Hello,
Chris Davies a écrit :
> Geoff Lane <(E-Mail Removed)> wrote:
>
>>Strangely if I issue the saned -d6 (Debug) command I get the output as
>>shown below;
>>
>>geoff@challenger:~$ saned -d6
>>[saned] main: starting debug mode (level 6)
>>[saned] main: trying to get port for service `sane-port' (getaddrinfo)
>>[saned] main: [0] socket () using IPv6
>>[saned] main: [0] setsockopt ()
>>[saned] main: [0] bind () to port 6566
>>[saned] main: [0] listen ()
>>[saned] main: [1] socket () using IPv4
>>[saned] main: [1] setsockopt ()
>>[saned] main: [1] bind () to port 6566
>>[saned] main: [1] bind failed: Address already in use
>
> That's because inetd has already allocated it.

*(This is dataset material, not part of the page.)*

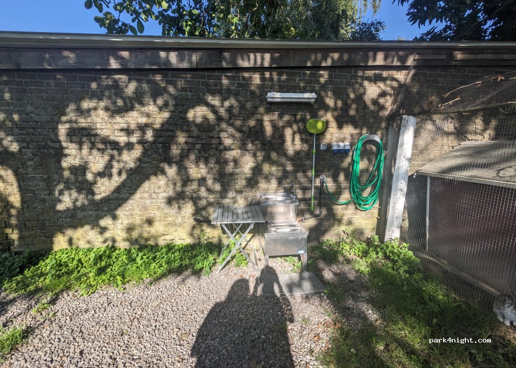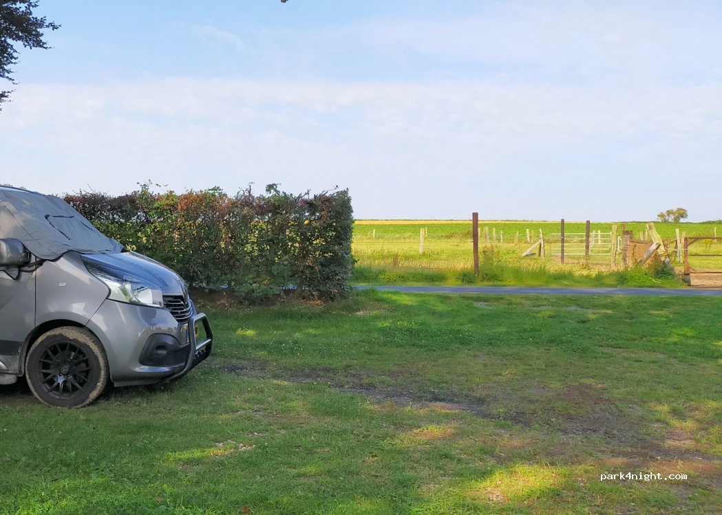 A small but nice site, which is easy to access. It belongs to a horse farm und is really close to the bunny hutch, which you can feed or pet after asking the owner. Toilet (and shower on request) are small but clean. Electricity, Water and a sink can be found directly on the site, the rest is in the farm. The owners are really kind and generous, but it's best to call them to let them know you're planing on coming.

I don't think so. I think that the system fails to bind an IPv4 socket
to port 6566 because the IPv6 socket has already been bound to this
port. This is the default on Linux for sockets listening on any address
(:: and 0.0.0.0), as an IPv6 socket listening on any address (:

also
accepts IPv4 connections.
See :
>> [saned] saned (AF-indep+IPv6) from sane-backends 1.0.18-cvs ready
>> [saned] check_host: detected an IPv4-mapped address
>> [saned] check_host: access by remote host: ::ffff:127.0.0.1
The IPv4 connection from 127.0.0.1 is received by the IPv6 socket and
the source IP address is seen as an IPv4-mapped IPv6 address
::ffff:127.0.0.1 as usual.
The default behaviour can be changed by setting the net.ipv6.bindv6only
sysctl to 1 so IPv6 sockets allow only IPv6 connections, and IPv6 and
IPv4 sockets can be bound to the same port.